- [Problem statement]:
Retyping should cover only the lines from the one containing "My Conclusion about" through the final line of the records, with pictures omitted.

= Beginning of Section =

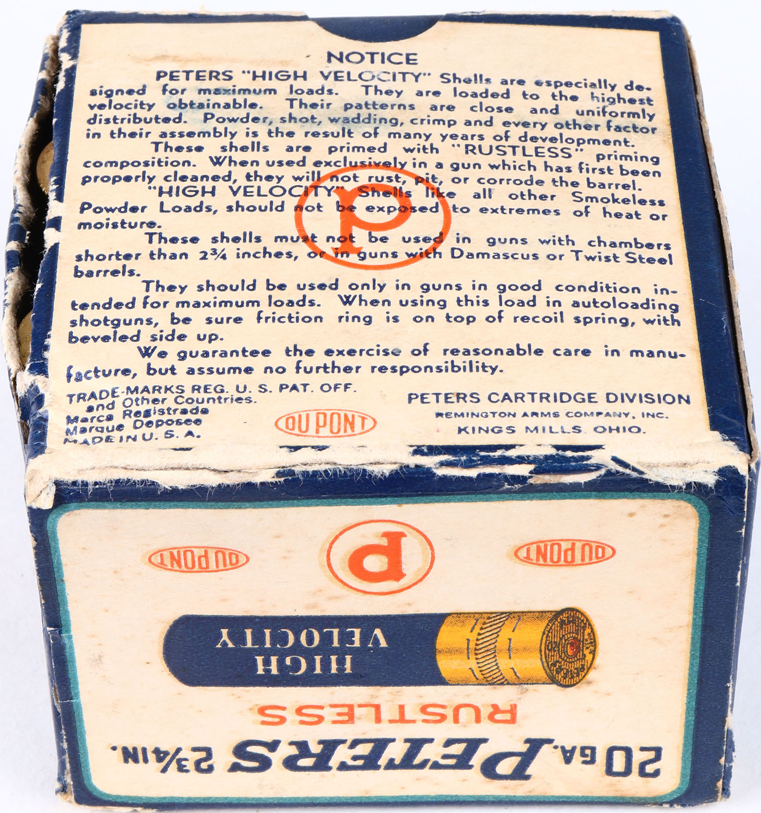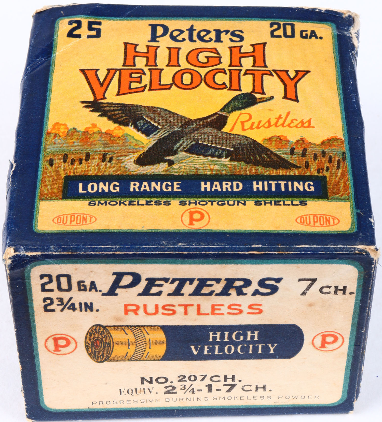 Peters Cart. Co., Kings Mills, OH, High Velocity, 20ga., 1pc., Full, shot size 7CH, multi colored box that pictures mallard flying out of the marsh grass, box is solid with light age soiling, seam split and edge wear nice colors, Shells are very good. Grade: Excellent - Value: 20 to 80
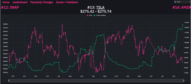 当公司股票下滑之际,散户投资者一直在积极购入特斯拉的股票。股票交易代理商Robinhood所持有特斯拉股票的账户增加了超过50%。
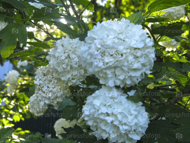 Декоративная калина бульденеж (Снежный шар) цветет в саду
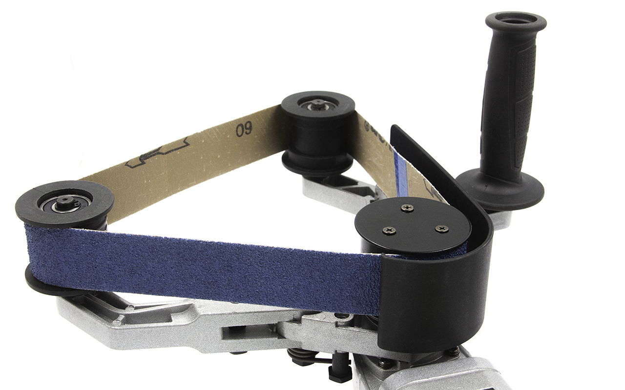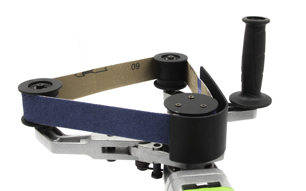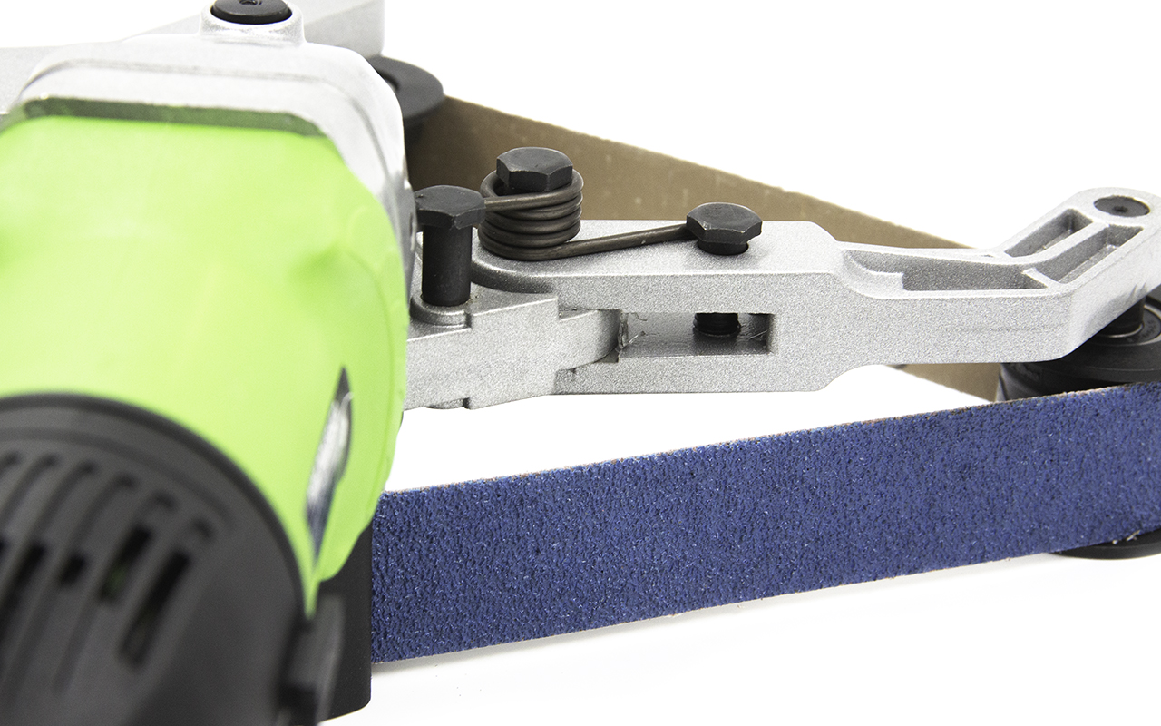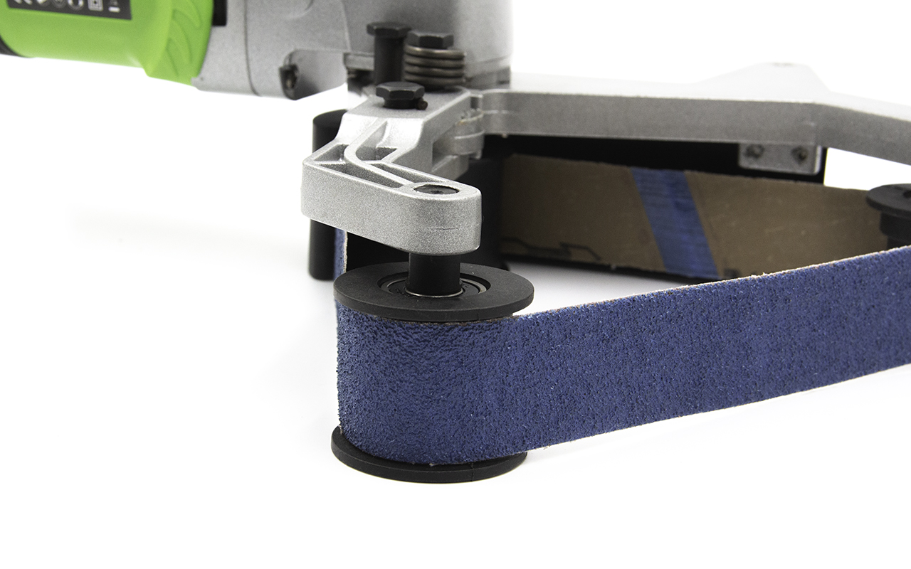 Шлифовальная лента не скользит в процессе работы, ее надежно фиксируют приводные ролики.
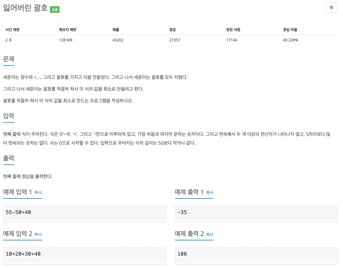 - 괄호를 적절히 쳐서 주어진 식의 값을 최소로 만드는 문제
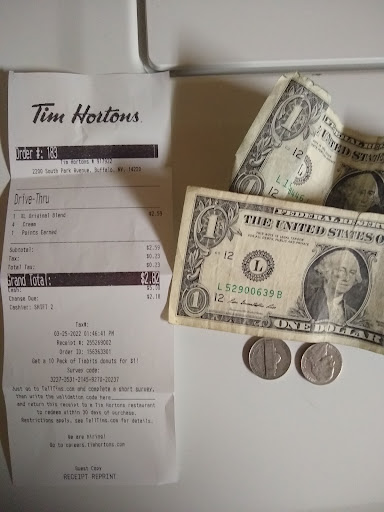 Read moreWorst Tim Hortons experience of my life. Just returned from the service and decided to get some Tim's. Waited in Drive Thru for 17 minutes which isn't usually a problem except for there was only 4 cars. Finally pulled up to the speaker and the order taker was disrespectful, not accommodating to any questions, and mocked my order which he then got wrong (Sausage Biscuit, gave me a Egg Muffin). Pulled up to the window to pay for it and the guy just stared at me with no introduction just a hand(no customer relations skills). Threw a crumpled up bag at me and slammed the window no have a good day, thanks for coming none of that. I understand it may be rough for them when they're busy, BUT they weren't busy and they couldn't put a smile on a clown's face!!! Horrible experience and wouldn't recommend if you like to have any kind of social experience, other than having stuff...
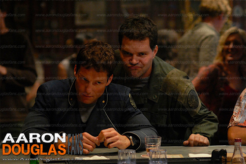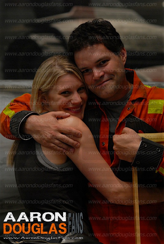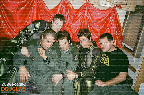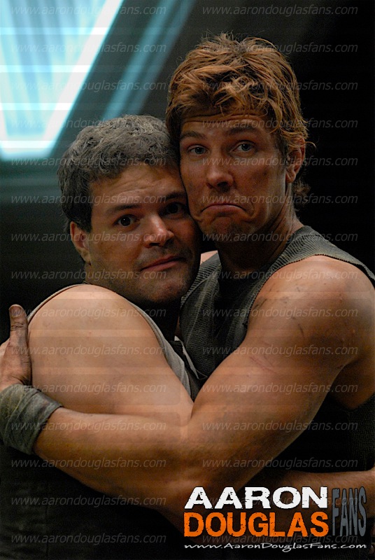 On March 18, 2012, Aaron was invited to participate in the filming of the music video for Don’t Stop Me Now by the band Young Beautiful in a Hurry. Lead vocalist and guitarists for YBIAH is Brendan McCreary, the brother of Bear McCreary who did the music for BSG. And Brendan, as we all know sung the vocals on “All Along the Watchtower” on the BSG version of the song. Below is some photos of Aaron I snagged from twitter and facebook.
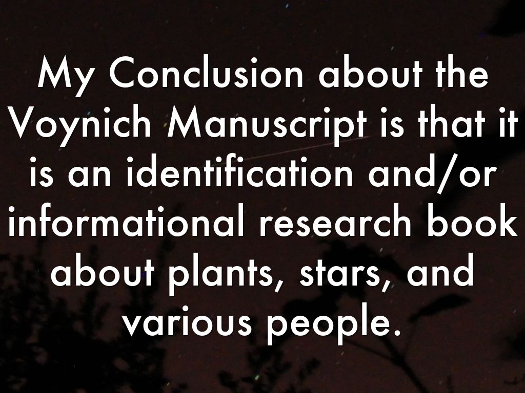 My Conclusion about the Voynich Manuscript is that it is an identification and/or informational research book about plants, stars, and various people.
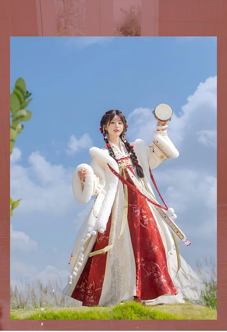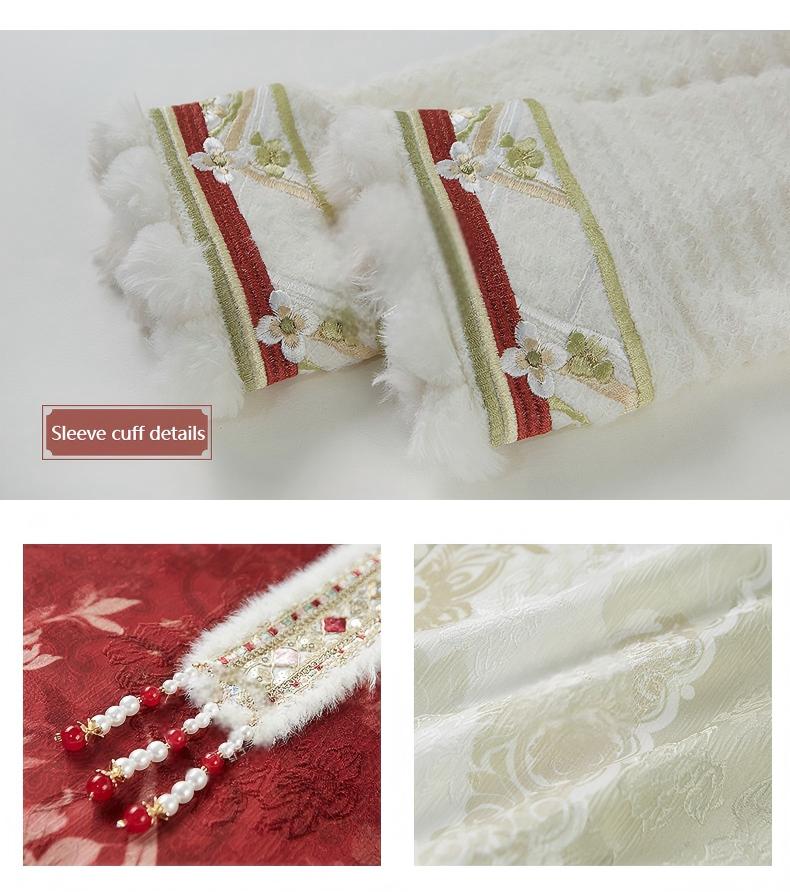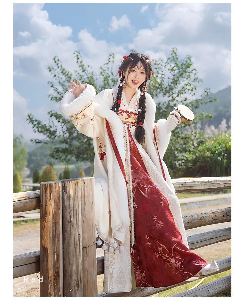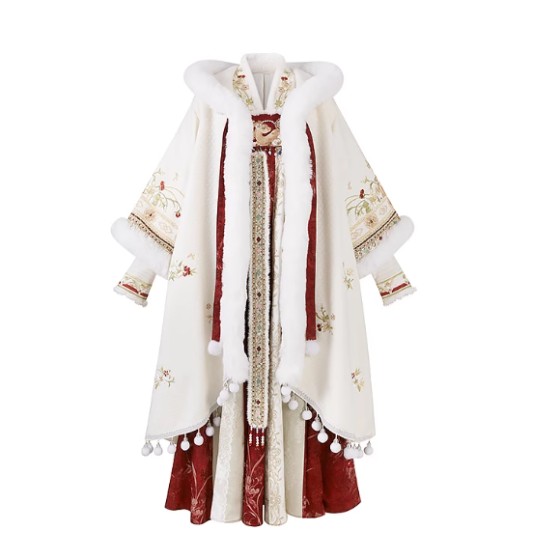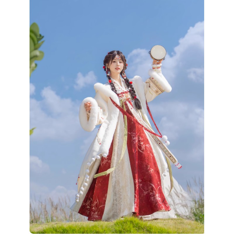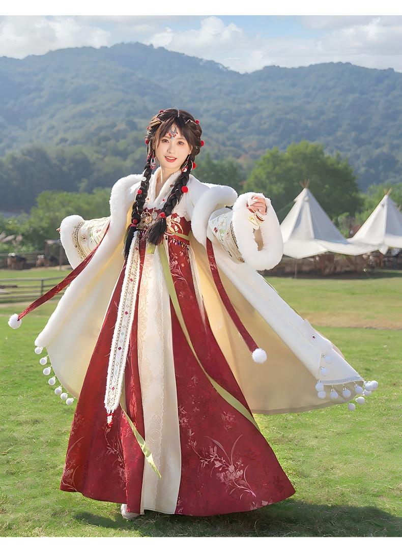 Embrace the elegance of classic Chinese style with this modernized chest-high Hanfu set, designed for comfort, warmth, and style during autumn and winter. This set includes three pieces: a warm cape coat and a two-piece chest-high outfit, combining traditional charm with contemporary wearability.
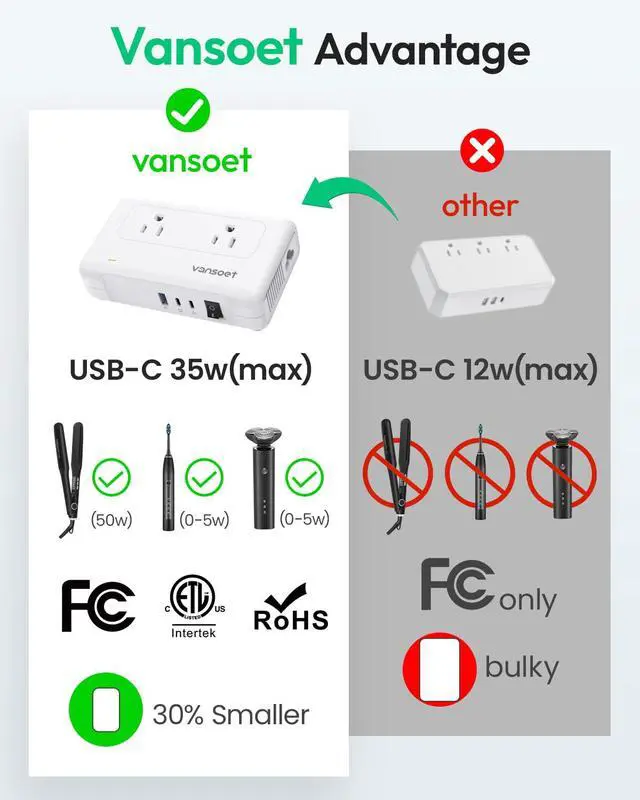 Durable Housing: VANSOET POWER CONVERTER provides advanced protection from drops and bumps. Smart cooling fan system makes the converter very quick heat dissipation when operating,and the fan runs faster when the device gets warmer or output power exceeds a certain limit.
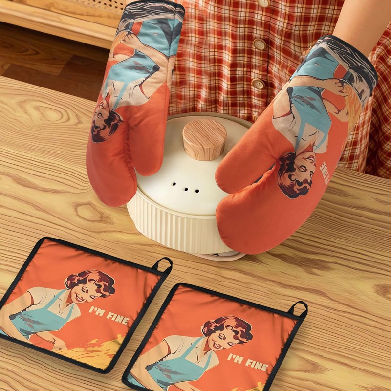 • Stylish Design: Featuring unique and vibrant patterns, our oven mitts add a touch of fun to your baking experience. The high-quality printing allows for machine or hand washing without fading, ensuring they remain stylish and effective for long-term use.
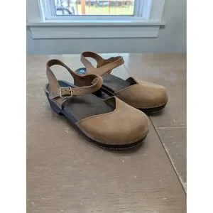 Sandgrens Saragasso Classic Clogs Women's 39 Tan Leather Wooden MaryJane Swedish

= End of Section =

- [Response to this task]:
 My Conclusion about the Voynich Manuscript is that it is an identification and/or informational research book about plants, stars, and various people.
 Embrace the elegance of classic Chinese style with this modernized chest-high Hanfu set, designed for comfort, warmth, and style during autumn and winter. This set includes three pieces: a warm cape coat and a two-piece chest-high outfit, combining traditional charm with contemporary wearability.
 Durable Housing: VANSOET POWER CONVERTER provides advanced protection from drops and bumps. Smart cooling fan system makes the converter very quick heat dissipation when operating,and the fan runs faster when the device gets warmer or output power exceeds a certain limit.
 • Stylish Design: Featuring unique and vibrant patterns, our oven mitts add a touch of fun to your baking experience. The high-quality printing allows for machine or hand washing without fading, ensuring they remain stylish and effective for long-term use.
 Sandgrens Saragasso Classic Clogs Women's 39 Tan Leather Wooden MaryJane Swedish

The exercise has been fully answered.